ACTIVITY: Exclude the pictures, then quote exactly the lines from the one holding "10月1日晚,江西省南昌市国" through the last line of the records.

RECORDS SUPPLIED: Begin

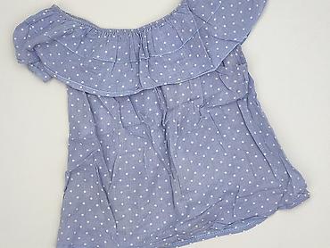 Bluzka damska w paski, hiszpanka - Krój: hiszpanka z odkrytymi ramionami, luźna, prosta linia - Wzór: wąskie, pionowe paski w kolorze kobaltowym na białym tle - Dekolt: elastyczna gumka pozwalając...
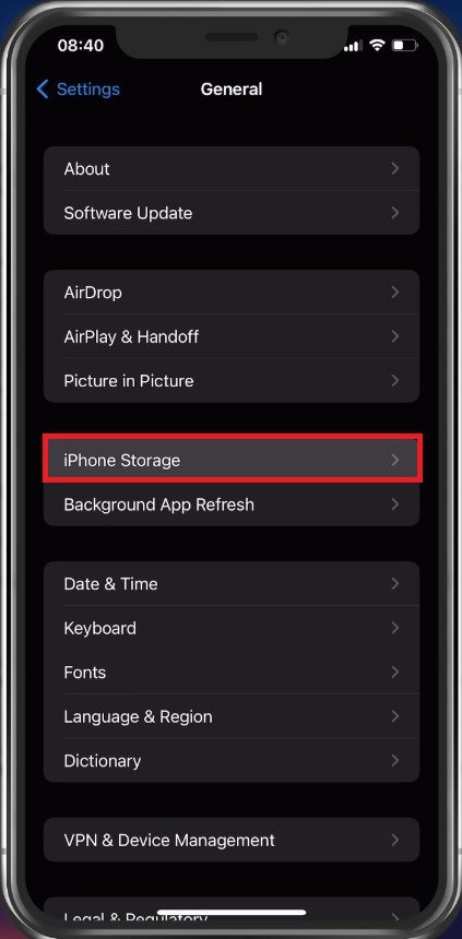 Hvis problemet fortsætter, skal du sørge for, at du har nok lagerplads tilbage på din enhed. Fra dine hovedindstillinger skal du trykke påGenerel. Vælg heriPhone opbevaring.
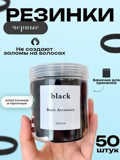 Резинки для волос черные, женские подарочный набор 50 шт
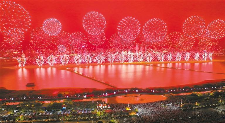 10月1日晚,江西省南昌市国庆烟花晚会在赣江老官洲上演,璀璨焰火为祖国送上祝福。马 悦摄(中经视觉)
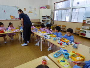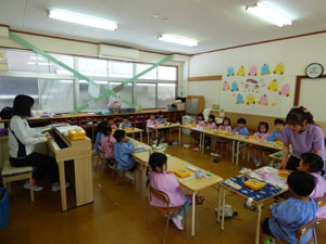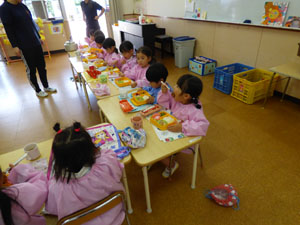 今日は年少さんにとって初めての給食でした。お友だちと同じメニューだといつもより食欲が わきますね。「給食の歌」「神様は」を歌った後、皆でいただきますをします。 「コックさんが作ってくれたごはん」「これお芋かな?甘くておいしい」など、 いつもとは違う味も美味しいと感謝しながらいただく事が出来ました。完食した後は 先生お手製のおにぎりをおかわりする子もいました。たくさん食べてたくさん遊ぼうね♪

RECORDS SUPPLIED: End

SOLUTION TO THIS PROBLEM:
 10月1日晚,江西省南昌市国庆烟花晚会在赣江老官洲上演,璀璨焰火为祖国送上祝福。马 悦摄(中经视觉)
 今日は年少さんにとって初めての給食でした。お友だちと同じメニューだといつもより食欲が わきますね。「給食の歌」「神様は」を歌った後、皆でいただきますをします。 「コックさんが作ってくれたごはん」「これお芋かな?甘くておいしい」など、 いつもとは違う味も美味しいと感謝しながらいただく事が出来ました。完食した後は 先生お手製のおにぎりをおかわりする子もいました。たくさん食べてたくさん遊ぼうね♪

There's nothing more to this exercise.